First comment on train/test distribution, the 70%/30% or 67%/33% is not the golden rule, in fact its an old rule which does not work well in many more applications, especially in this era of big data. The recommended practice is to use train/dev/test sets and the ratio differs on the nature of the application and the data availability. Train set is to run the algorithm on, Dev set is to improve learning by tuning parameters, selecting features etc.. and the Test set is to finally evaluate the model on.
Now for the question asked, First some thoughts (you might disagree):
If you are using only train/test splits, it mean you are actually tuning your model on test split. Because you train the model, and then evaluate it with test split. If it is not accurate, you tune parameters and again evaluate it on test data. So indirectly test split is same as dev set and test set. This is not recommended especially when you have large dataset and you expect quite different test data than yours in future when you actually deploy the model to use. Anyhow, lets move to the point:
Whether train and test should be from same distribution or different?
Consider an example (sorry if the example is not perfect),
"You want to detect chicken in images (i.e. if an image contains chicken or not?). Your dataset contains images with and without chickens. But the chickens in these images are of two different breeds let say A and B. Both breeds are of different colors and have shape differences"

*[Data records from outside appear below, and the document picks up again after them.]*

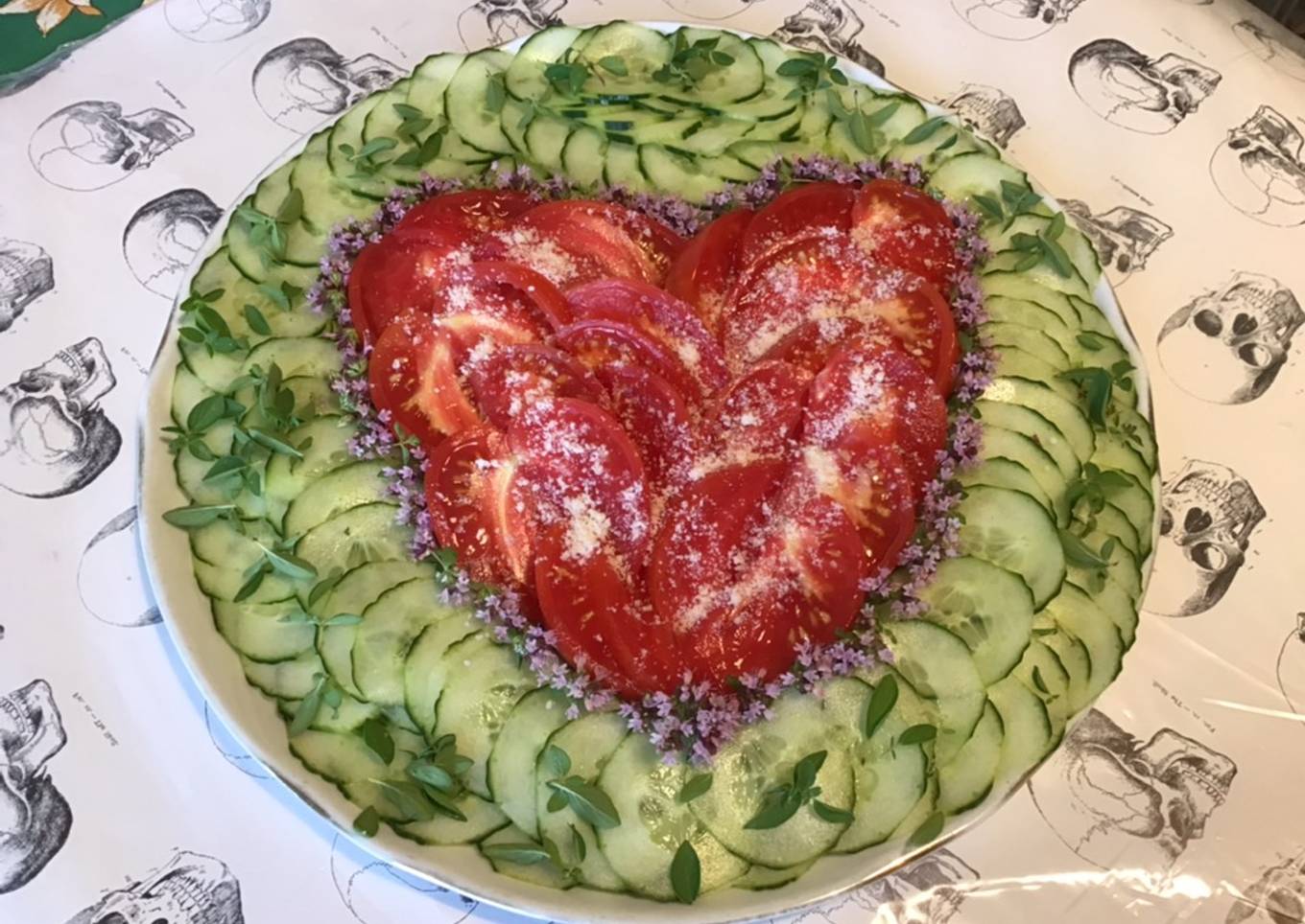 - Ajouter les tranches de concombre autour des tomates en superposant les tranches ajouter les fleurs de basilic autour du cœur de tomates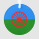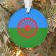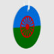 Official Romany gypsy traveller flag of green and blue representing the earth and sky with a red wagon wheel, representing travel.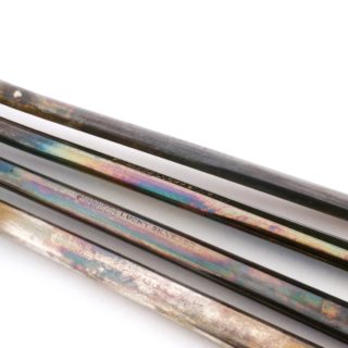 • 素材:银 有制作工坊商标刻印和「LUCKY SILVER」刻印。其中2把「LUCKY SILVER」后面有像「50」的刻印、但是不是「50」不能正确判读。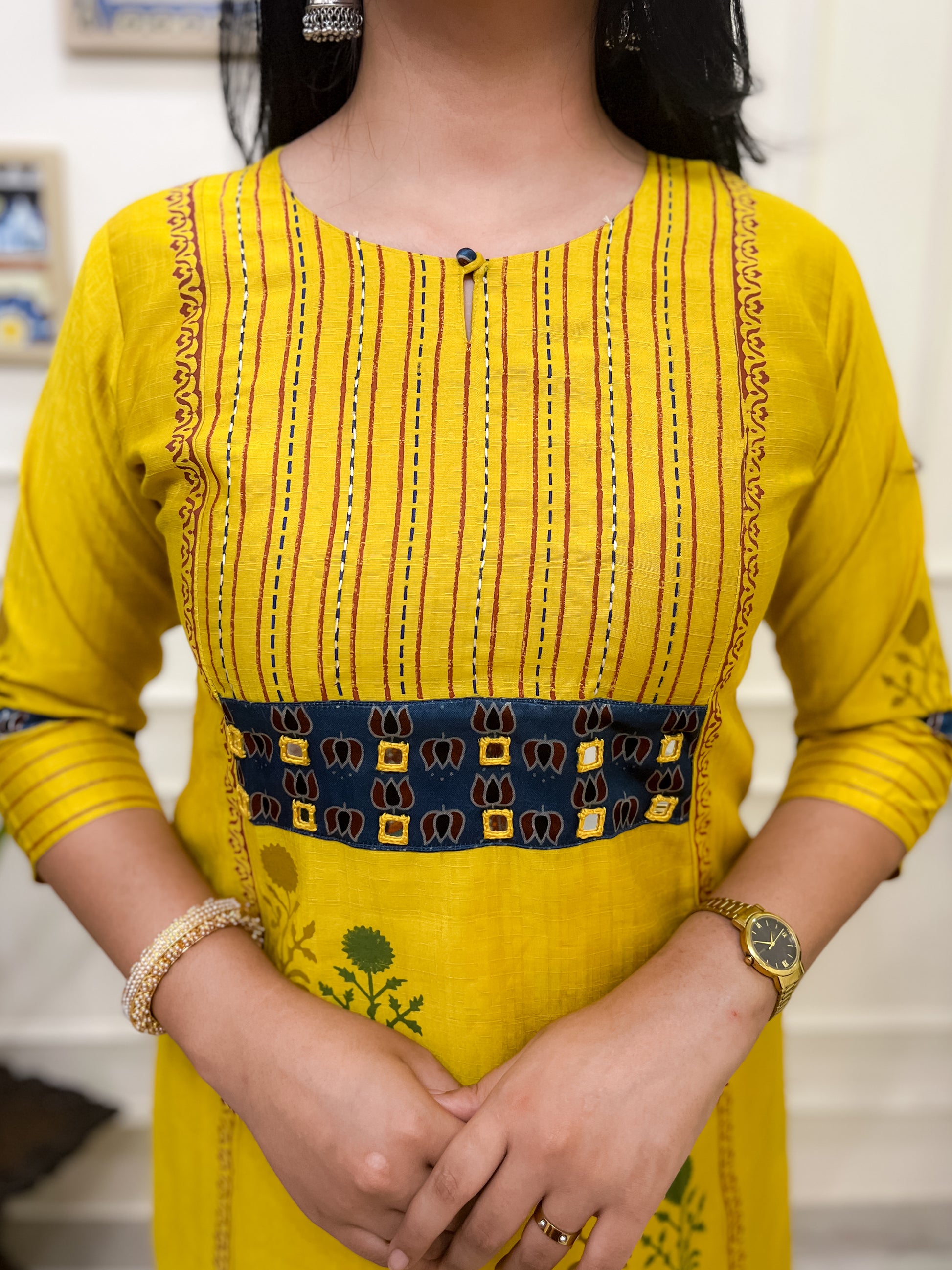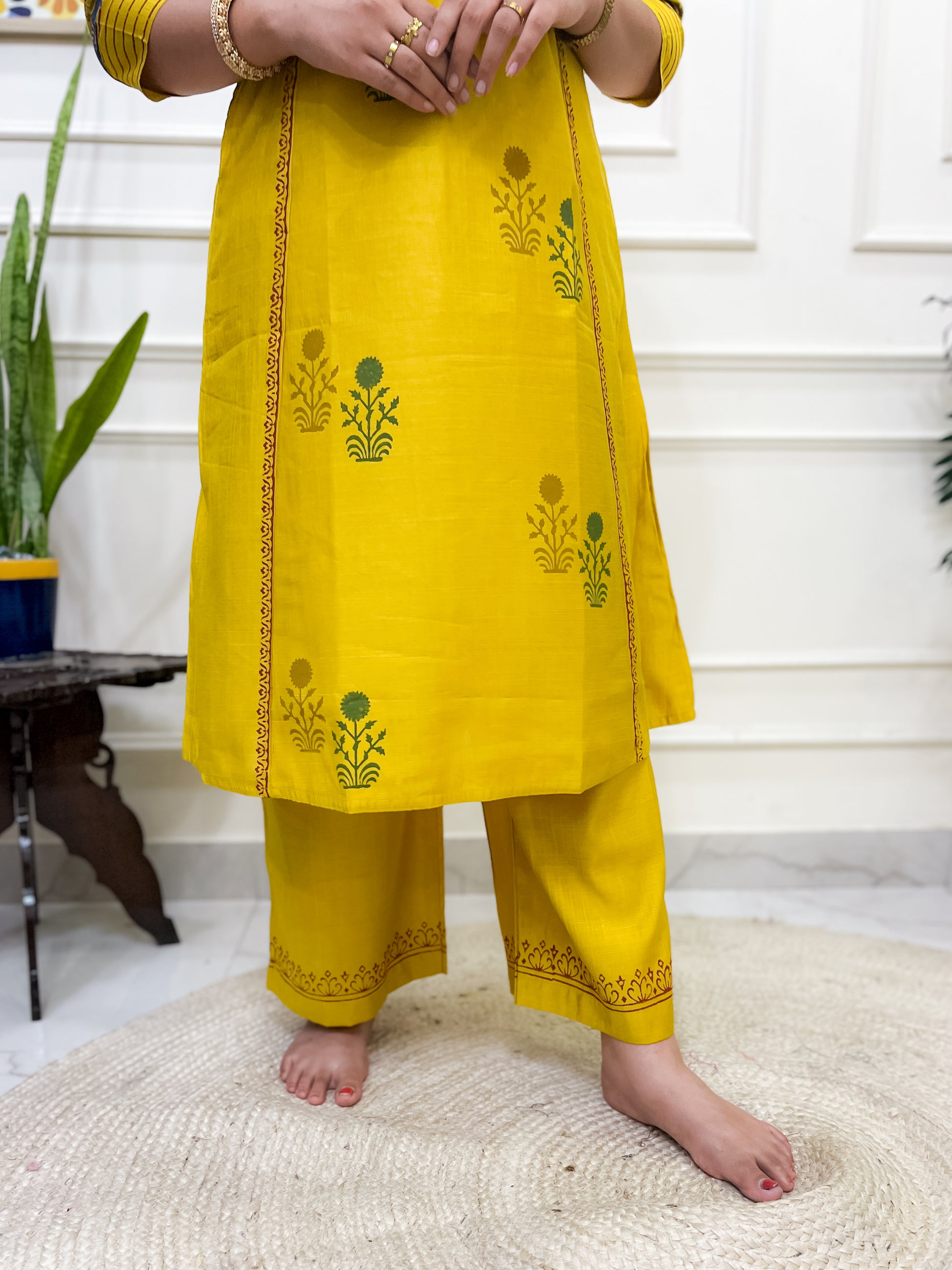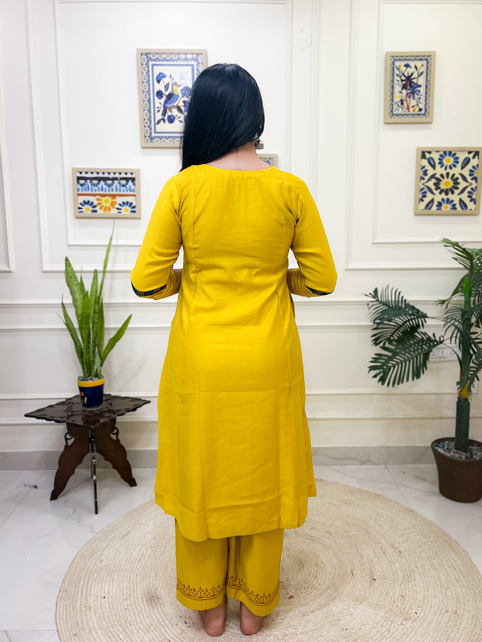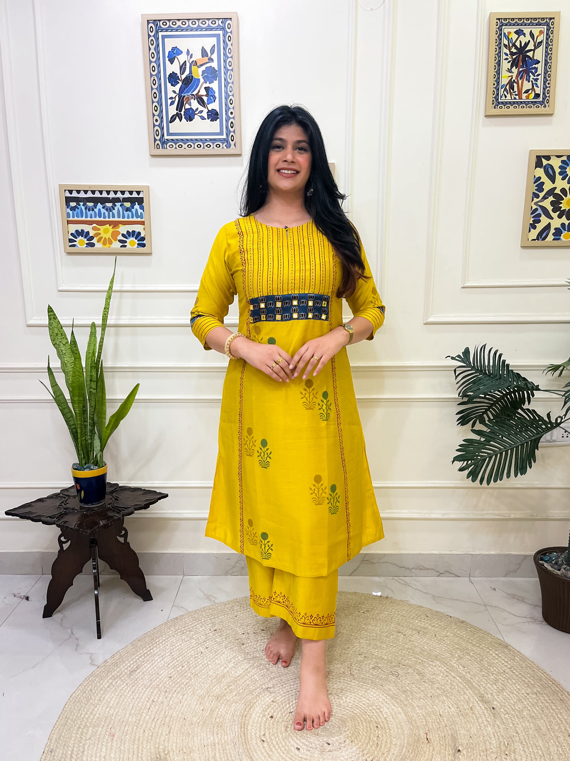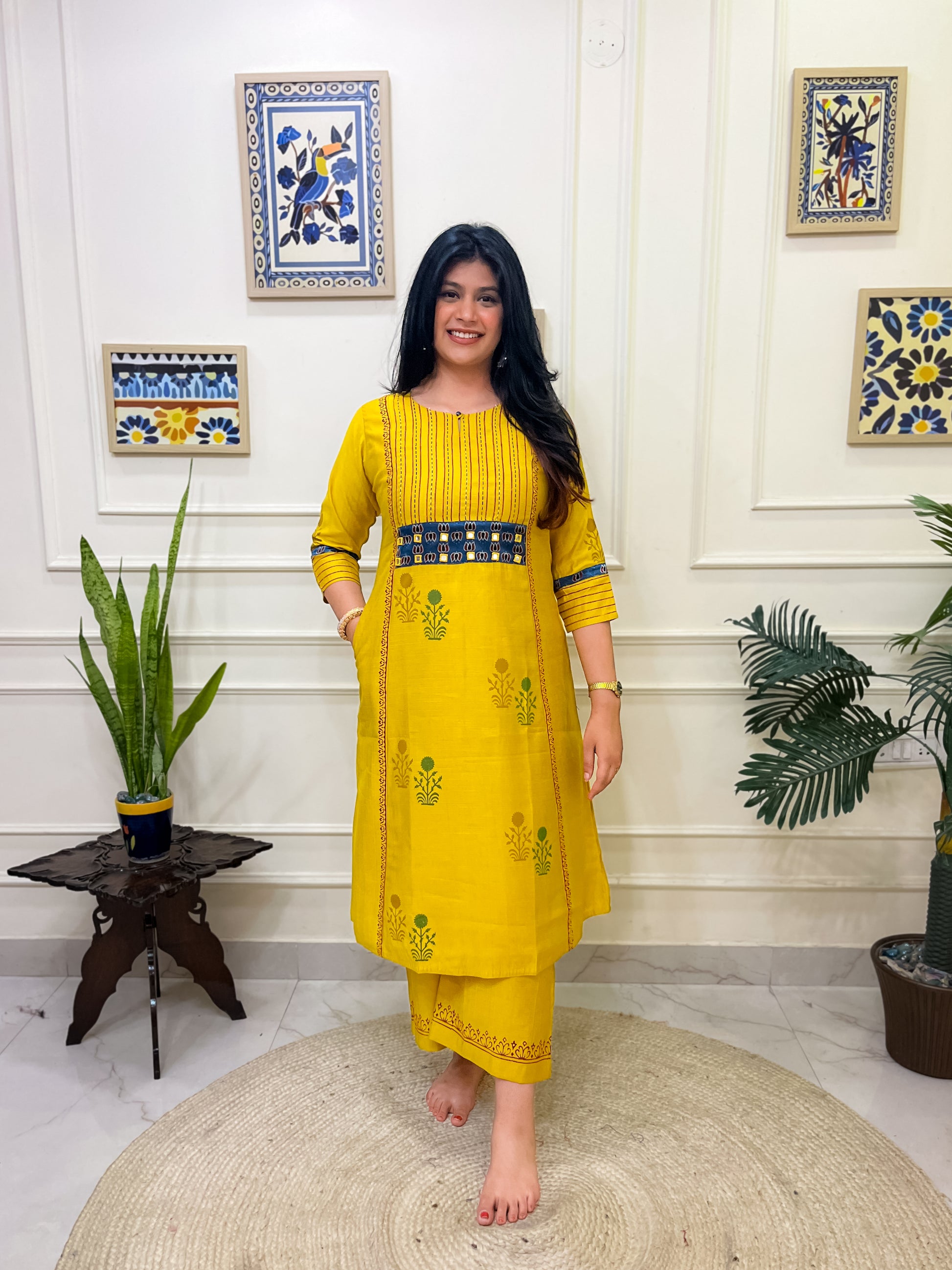 Yellow Aline 2 piece premium Silk Cotton Suit Set with Pockets- Yellow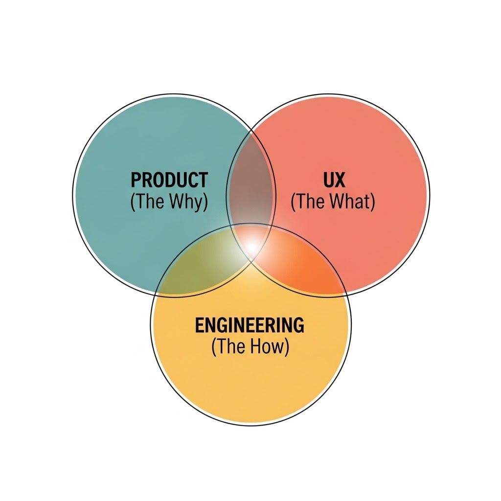 These aren't territories; they are advocacies. We need Product to advocate for the business, UX to advocate for the human, and Engineering to advocate for the system. When those three advocacies clash and collaborate, we find the "sweet spot" of product development. An engineer who understands the "Why" might suggest a technical shortcut that achieves 90% of the value for 10% of the effort—a "How" that Product would never have known to ask for.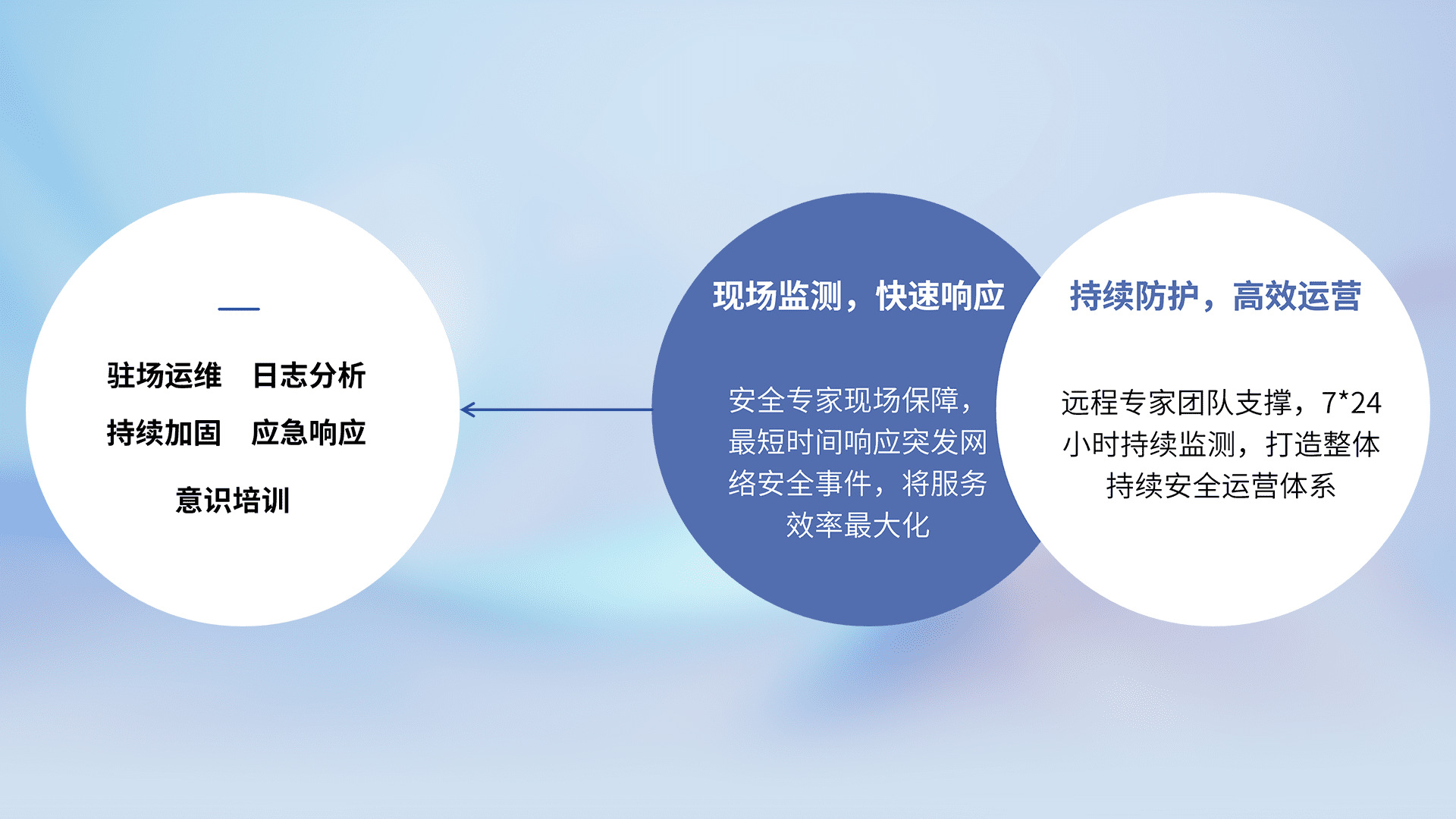 针对客户行业特性,,,,提供专属的一站式安全管理服务,,帮助客户全面感知网络空间威胁,,,通过安全专家的线上、、、线下防护支持,,,实现风险闭环,,将安全保障常态化,,为客户打造常态化安全运维运营服务。。。。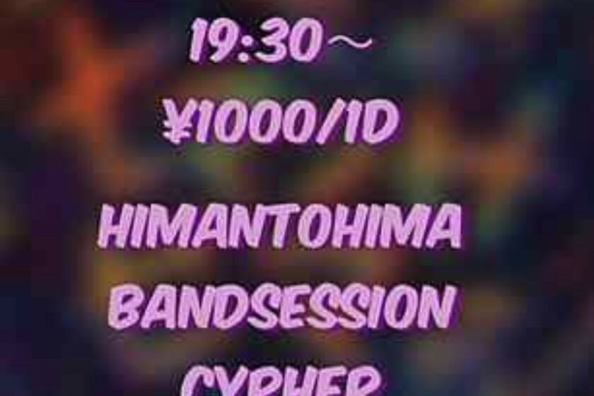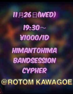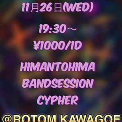 HIMANTOHIMA BAND SESSION CYPHER 11月 26 Wed 2025 ALL EVENTS ---------------------------------------------- OPEN 19:30 ENTRANCE 1000yen 1D付き お問い合わせは『contact』からお願いいたします。 前のスケジュール 次のスケジュール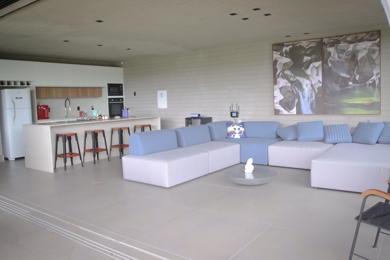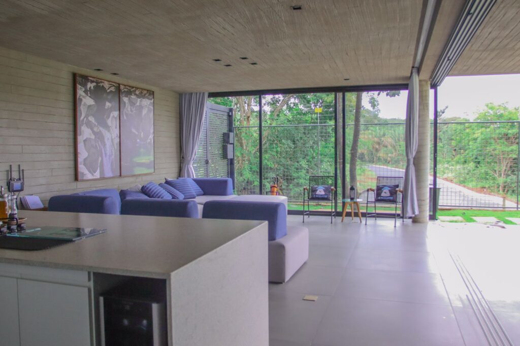The living room is modern and integrated with the kitchen. It has state-of-the-art utensils and equipment, making your stay practical.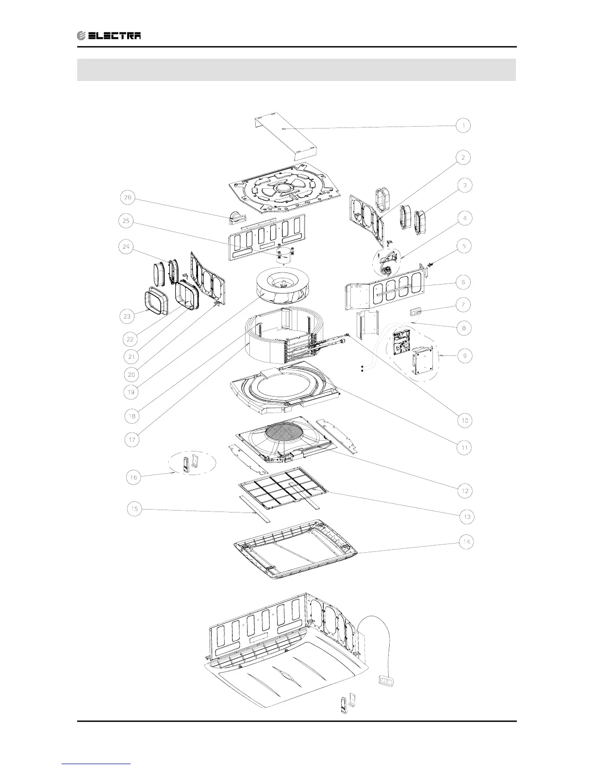 Electra DNC series - EXPLODED VIEWS AND SPARE PARTS LISTS; Indoor Unit Exploded Views and Parts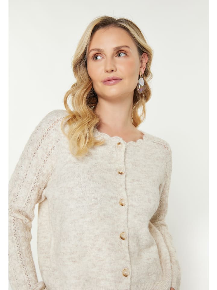 Добавьте изысканности в свой повседневный стиль с этим кардиганом прямого кроя из коллекции Fashion Look. Кардиган с круглым вырезом, декоративным узором и длинными рукавами выполнен из мягкой трикотажной ткани с уникальным сочетанием меланжевого и ажурного узора для дополнительной текстуры и глубины. Застежка на пуговицы спереди придает стильный вид этому уютному изделию. Удобный и непринужденно шикарный, этот кардиган идеально подойдет для того, чтобы разнообразить ваш повседневный гардероб модной ноткой.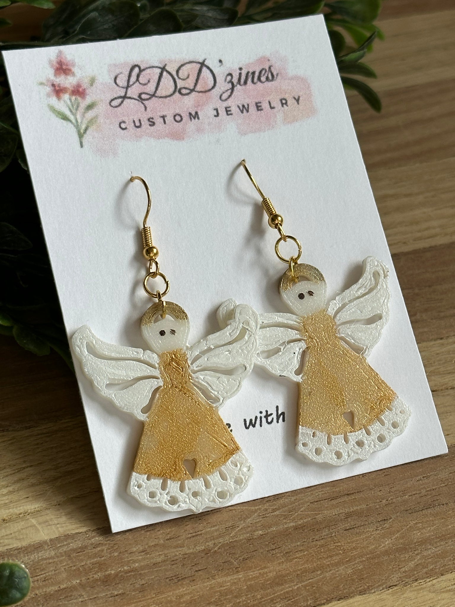 These are hand painted. Grab these pretty and lightweight earrings. The angels are beautiful and can be worn all year round!!

If you choose train data to be from a different distribution than test --- it means in the example you will train your model using breed-A chickens. When you apply this model on the test data, it will most likely fail to detect breed-B chickens. So you should train the model to detect both types of breeds. In other words, your train and test sets should be from the same distribution.
If your question is for train, test sample ratio. then my answer is: NO, it depend on the application. My suggestion is use less for training and more for testing.. e.g: 20%(train)-80%(test) or 30% -70%.
And, If your question is for train/test sample value selection from different region of data then the answer is YES
No need. For example for a same subject or class, a train set may have 5 samples and a test may have 1 to n samples. But the number of classes in train set and test set should be the same.
For example if ur using 10 classes in train set for feature extraction, the same 10 classes should be used in test set.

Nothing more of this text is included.